The latest monetary policy by the Central Bank of Nigeria (CBN) aimed at easing pressures on cash transactions in the banks has already begun in Lagos. It is known as ‘cashless’ policy. In some other countries operating the system, the policy is called ‘mobile wallet’, which is an alternative payment method that allows a consumer to use mobile phone to pay for a wide range of services. The choice of Lagos as the pilot scheme is understandable. About 65 percent of commercial transactions in the country reportedly take place in Lagos.

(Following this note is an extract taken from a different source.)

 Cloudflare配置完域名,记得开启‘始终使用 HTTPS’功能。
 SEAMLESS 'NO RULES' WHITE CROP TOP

According to the CBN, the cashless system has become necessary to promote the use of electronic means of transaction towards making Nigeria a cashless economy in the nearest future. CBN says the policy is in reaction to the increasing dominance of cash in the economy with its attendant implications for cost of cash management to the banking industry, security, money laundering, among other huge costs. The policy was endorsed by the Bankers’ Committee, which comprises the CBN, the Nigeria Deposit Insurance Corporation (NDIC), Discount Houses and the 24 commercial banks in the country.
Under the policy, effective from June 1, 2012, daily cumulative withdrawals and lodgments in banks by individuals would be limited to a maximum of N150,000, while daily cumulative withdrawals and lodgments by corporate customers is pegged at N1 million. However, individuals and corporate organizations wishing to withdraw above the fixed amount would have to pay special charges. Such special charges are not yet clear. Still, many industry watchers insist that the cashless policy has the benefit to transform the payment system and help the banks, many of which are currently in dire financial straits, reduce operating costs and lending rates. The apex bank has also said that most of the banks are currently incurring ‘excess baggage’ because of unnecessary expenses that are cutting deep into their financial profile and profitability.

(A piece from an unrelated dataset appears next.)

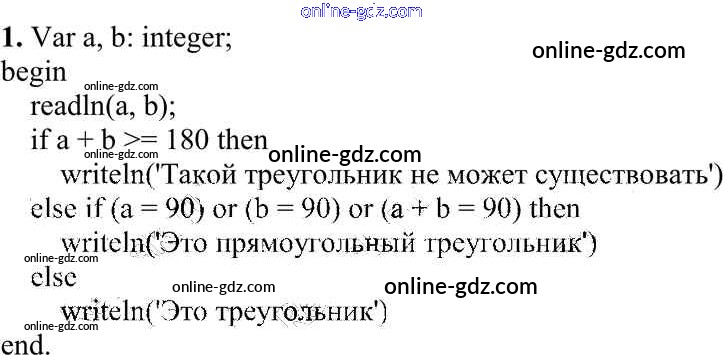 Готовые домашние задания по Информатике за 10 класс Учебник Семакин, Хеннер Базовый уровень 2017 - Задание 1 Работа 3.3. Программирование ветвящихся алгоритмов 1

But this makes special precautions economically appealing and expedient. We are, however, concerned that while this cashless policy has its noble intentions with the ultimate aim of growing our economy and encouraging the emergence of e-payment across the country, the groundwork for the take off of the system has not been sufficiently done. It is one thing to borrow a good idea, but the success of that idea must take into cognizance the peculiar economic environment of the country. No adequate enlightenment has been done before the take off of the policy in Lagos where the scheme is now being put to test. Caution is therefore necessary to avoid any unpleasant consequences such as mass cutback of banks’ staff.
As a new phenomenon in Nigeria, if the operational hitches are not taken care of, the noble objective of the scheme will be defeated. That is why many policies that have worked elsewhere in the world have failed in Nigeria.